September 7, 2024

beyond the videodrome — We made a cat drink a beer with Runways AI video generator, and it sprouted hands Gen-3 Alpha produces wild and whimsical results. Here’s what it cooked up for us.

Benj Edwards – Jul 24, 2024 10:12 pm UTC Enlarge reader comments 96

In June, Runway debuted a new text-to-video synthesis model called Gen-3 Alpha. It converts written descriptions called “prompts” into HD video clips without sound. We’ve since had a chance to use it and wanted to share our results. Our tests show that careful prompting isn’t as important as matching concepts likely found in the training data, and that achieving amusing results likely requires many generations and selective cherry-picking. Further ReadingRunways latest AI video generator brings giant cotton candy monsters to life

An enduring theme of all generative AI models we’ve seen since 2022 is that they can be excellent at mixing concepts found in training data but are typically very poor at generalizing (applying learned “knowledge” to new situations the model has not explicitly been trained on). That means they can excel at stylistic and thematic novelty but struggle at fundamental structural novelty that goes beyond the training data.

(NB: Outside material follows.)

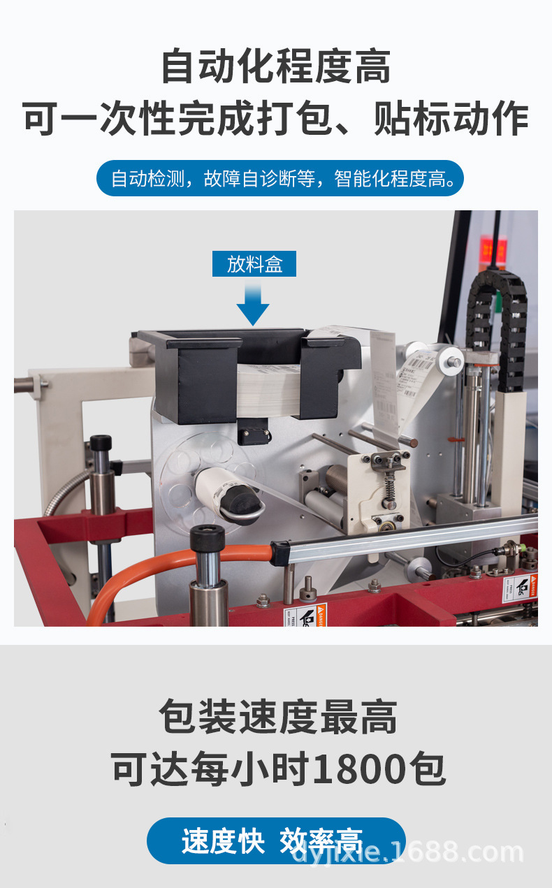 - 包裝速度:根據(jù)業(yè)務(wù)量大小選擇合適的包裝速度。如果業(yè)務(wù)量較大,如大型電商倉庫或快遞分撥中心,需要選擇高速的一體機(jī),一般封切貼標(biāo)速度在 30-60 袋 / 分鐘甚至更高;而業(yè)務(wù)量較小的場景,速度在 15-30 袋 / 分鐘的一體機(jī)可能就足夠了2。

What does all that mean? In the case of Runway Gen-3, lack of generalization means you might ask for a sailing ship in a swirling cup of coffee, and provided that Gen-3’s training data includes video examples of sailing ships and swirling coffee, that’s an “easy” novel combination for the model to make fairly convincingly. But if you ask for a cat drinking a can of beer (in a beer commercial), it will generally fail because there aren’t likely many videos of photorealistic cats drinking human beverages in the training data. Instead, the model will pull from what it has learned about videos of cats and videos of beer commercials and combine them. The result is a cat with human hands pounding back a brewsky. A few basic prompts

During the Gen-3 Alpha testing phase, we signed up for Runway’s Standard plan, which provides 625 credits for $15 a month, plus some bonus free trial credits. Each generation costs 10 credits per one second of video, and we created 10-second videos for 100 credits a piece. So the quantity of generations we could make were limited.

We first tried a few standards from our image synthesis tests in the past, like cats drinking beer, barbarians with CRT TV sets, and queens of the universe. We also dipped into Ars Technica lore with the “moonshark,” our mascot. You’ll see all those results and more below.

We had so few credits that we couldn’t afford to rerun them and cherry-pick, so what you see for each prompt is exactly the single generation we received from Runway.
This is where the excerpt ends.